2. The catalyst according to claim 1, wherein the second metal M is 0.3 to 10 wt% in the catalyst; the active metal Pt accounts for 0.2-2.0 wt%; the mesoporous SiO₂The thickness of the coating layer is 10-90 nm.

3. The catalyst of claim 1, wherein the molecular sieve is at least one of an HY, MCM, ZSM-5 type molecular sieve; the metal M is at least one of Ni, Sn, Co, Pd or Ru.

4. The catalyst of claim 1, wherein the catalyst is prepared by the steps of: firstly, loading a second metal M precursor salt on a molecular sieve carrier to obtain a molecular sieve loaded with the metal M precursor salt; secondly, in the presence of an organic template agent, the mesoporous SiO is wrapped on the surface of the metal M precursor salt-loaded molecular sieve by hydrolyzing an organic silicon source₂To obtain mesoporous SiO₂A coated metal M precursor salt loaded molecular sieve; finally dipping Pt precursor salt solution, drying, calcining and reducing to obtain SiO₂The coated molecular sieve supports the bimetallic catalyst.
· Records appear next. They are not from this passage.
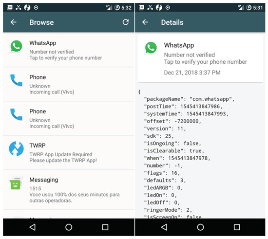Notifications are stored in devices’ memory and can be navigated by the device administrator. A JSON object composed of all notification information is obtained according to the items mentioned above. This can be seen in the image as presented in Figure 7.
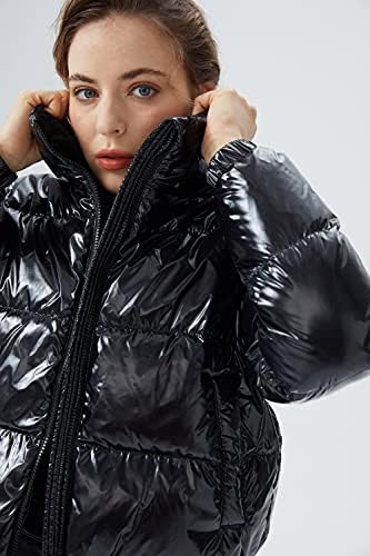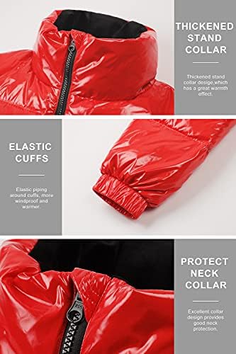 FABRIC: The puffer down coat made by glossy waterproof fabric, shell 100% nylon, lining made by 100% polyester, body/sleeve filler with 90% duck down and 10% feathers,which make this short down coat fashion and warm. FEATURE: The down jacket has ultra-short design, shelling with waterproof bright colors fabric like Red/Purple, which make this coat look more energetic and stylish.In contrast, the black inner lining is soft and skin-friendly. DETAILS: This petite short windproof down coat has plus velvet stand-collar design and branded logo on left sleeve, front with zipper closure, the elastic cuffs and hem make this coat look more puffy, also proviede a better warm effect. STYLE: This shiny short coat is perfect for daily wear, school, vacation, club, dating, party, night out, casual wear and so on. WASH CARE: Hand wash recommended separately with mild detergent and cold water, then drying in the shade, and do not bleach and iron.
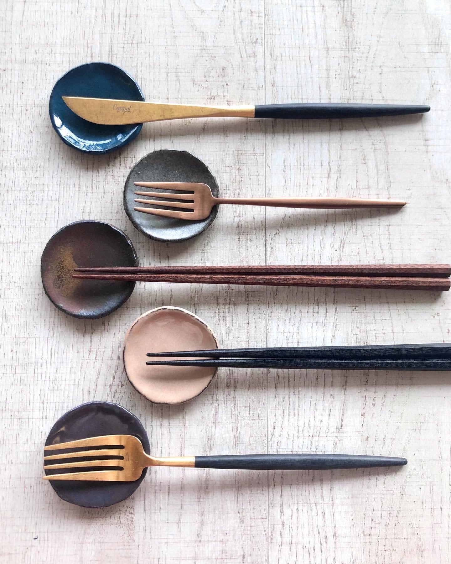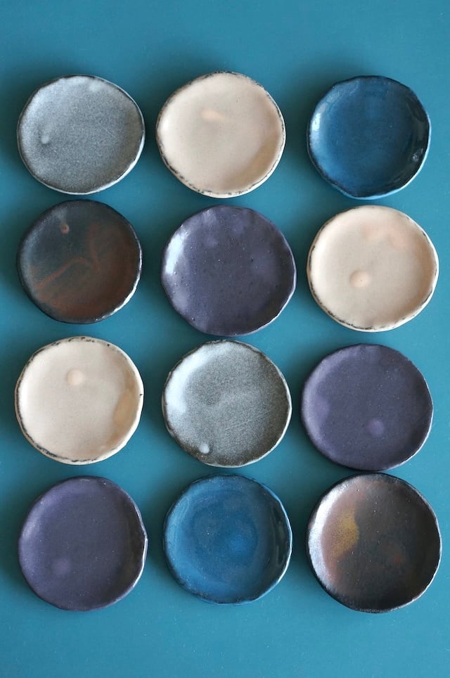 茜陶房さんの豆皿。薬味皿としても、箸置きやカトラリーレストとしても使える、とても便利なお品です。今回、shinkai、akane、kasumi、zakuro、sumireの5色が揃いました。
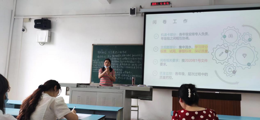 2021-2022学年第二学期《大学英语》期末考试于6月13-14日在紧张有序的氛围中顺利进行。6月14日15点,外国语部召开了期末阅卷工作专题会议。会议由外国语部主任主持,部门全体教师参会。
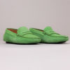 Moccasin carshoes with rubber sole and inner heel for a camber of 2 cm. Ideal for preventing back pain from shoes that are too flat. Rain resistant Italian grained calfskin, leather lining. Suitable for all body types and sensitive feet.
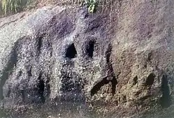 Kalkata-iv is situated above half a km east of Kalkata-iii on the right side of the road leading to Banjot village. The rock reveals fifteen (thirteen human & two animal) figures all are in situ, but covered by trees and wild bushes. Most of the artistic details are faded and defaced. The extant remains shows two animals and thirteen human figures. Four are dhyani Buddhas of different sizes and five are Bodhisattvas in lalitasana in pensive attitudes. Two Bodhisattvas are on simhasana. Four among them are the states of standing figures in different attributes. All the reliefs are defaced and covered with a thick layer of white patina deposited by a water channel running above the rock that has obscured most of the details.
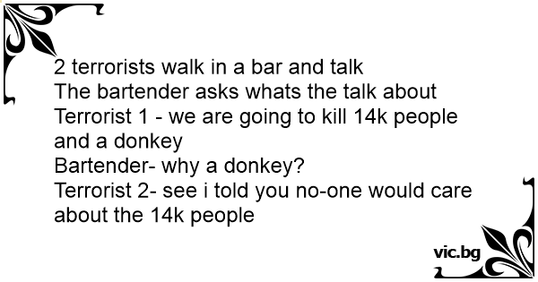 2 terrorists walk in a bar and talk
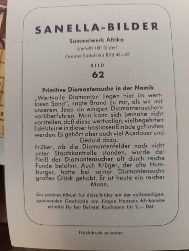 KRT147----SANELLA-BILDER AFRİKA KARTI --NAMİBYA ELMAS ARAMASI NO 62, en son 6 ay önce güncellenmiştir.
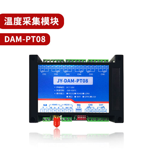 8路模拟量采集8路热电偶温度数据采集 DAM-AITC ,工业级温度采集模块,高精度24位AD转换分辨率0.01●测温精度0.1℃●采集频率10HZ●支持多路同时采集●设备兼容两线制和三线制PT100传感器
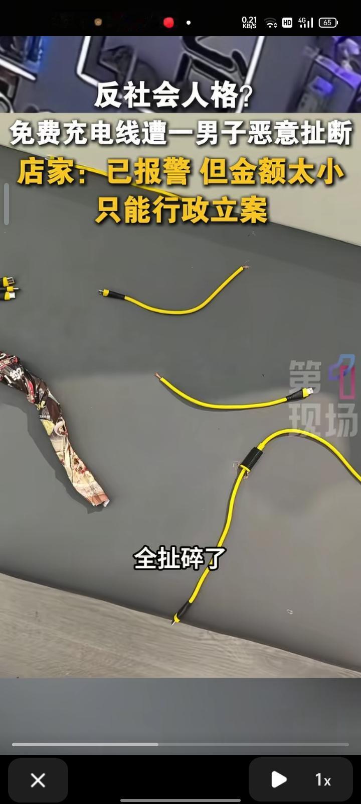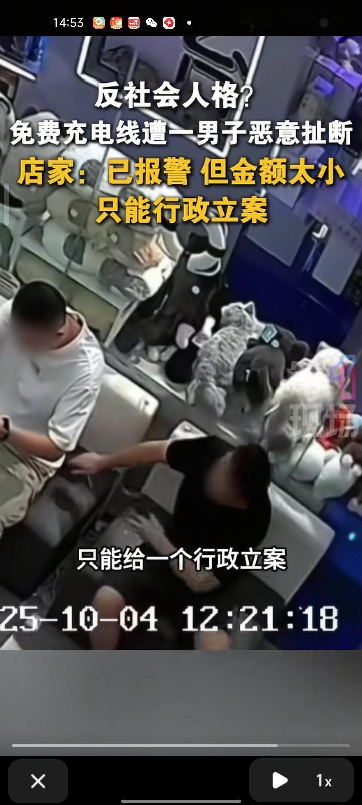 10月4日,山东烟台。网友发视频称,自己提供了免费休息区,能免费充电,一位黑衣男子在手机店免费充电后,临走前故意把充电线扯断了,中间没有发生任何矛盾。报警后,被警察告知够不上追逃标准,只能行政立案。
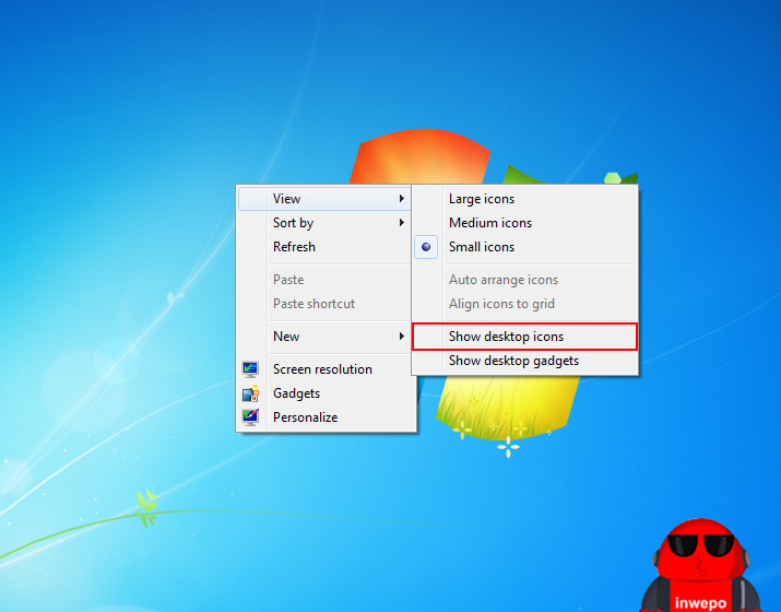 Catatan: Menu Show Desktop Icons berfungsi untuk menampilkan atau menyembunyikan ikon di Desktop windows, aktifkan Show Desktop Icons untuk menampilkan ikon Desktop, dan nonaktfikan bila ingin menghilangkan. Bila aktif, akan ada ikon centang pada menu Show Desktop Icons.
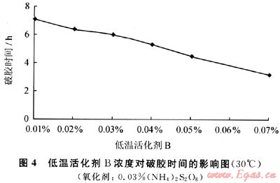 將PAM濃度為0.4%,ZrOCl2為1%的溶液按100:3.5的配比混合,加入不同濃度的低溫活化劑B,加入調(diào)節(jié)劑A,放入30℃水浴測得破膠時(shí)間(圖4)。

5. An SiO as claimed in any of claims 1 to 4₂The preparation method of the coated molecular sieve supported bimetallic catalyst is characterized by comprising the following steps:

1) adding a molecular sieve carrier into a metal M precursor salt solution, stirring and drying to prepare the molecular sieve loaded with the metal M precursor salt;

2) dispersing the molecular sieve loaded with the metal M obtained in the step 1) in an aqueous solution of an organic template, and adding ammonia water under stirring at room temperature; adding ethanol and an organic silicon source in sequence, stirring and reacting at a certain temperature, washing, drying and calcining after the reaction is finished to obtain mesoporous SiO₂A coated metal M precursor salt loaded molecular sieve;

3) subjecting the mesoporous SiO obtained in the step 2) to₂Adding the coated molecular sieve loaded with metal M precursor salt into the Pt precursor salt solution, stirring at room temperature, drying and reducing to obtain SiO₂The coated molecular sieve supports the bimetallic catalyst.

6. The production method according to claim 5,

in the step 1), the molecular sieve carrier is selected from at least one of HY, MCM and ZSM-5, and the metal M precursor salt is selected from at least one of nitrate, halide, chlorate and acetylacetone salt of Ni, Sn, Co, Pd and Ru;

in the step 2), the organic silicon source is selected from at least one of ethyl orthosilicate, methyl orthosilicate, tributylsilane and ethyltriethoxysilane, and the organic template is selected from at least one of cetyltrimethylammonium bromide, cetyltrimethylammonium chloride and polyvinylpyrrolidone;

in the step (3), the Pt metal precursor salt is selected from H₂PtCl₆、Na₂PtCl₄、Pt(NO₂)₂(NH₃)₂、Pt(NH₃)₄(NO₃)₂、Pt(NH₃)₄Cl₂At least one of (1).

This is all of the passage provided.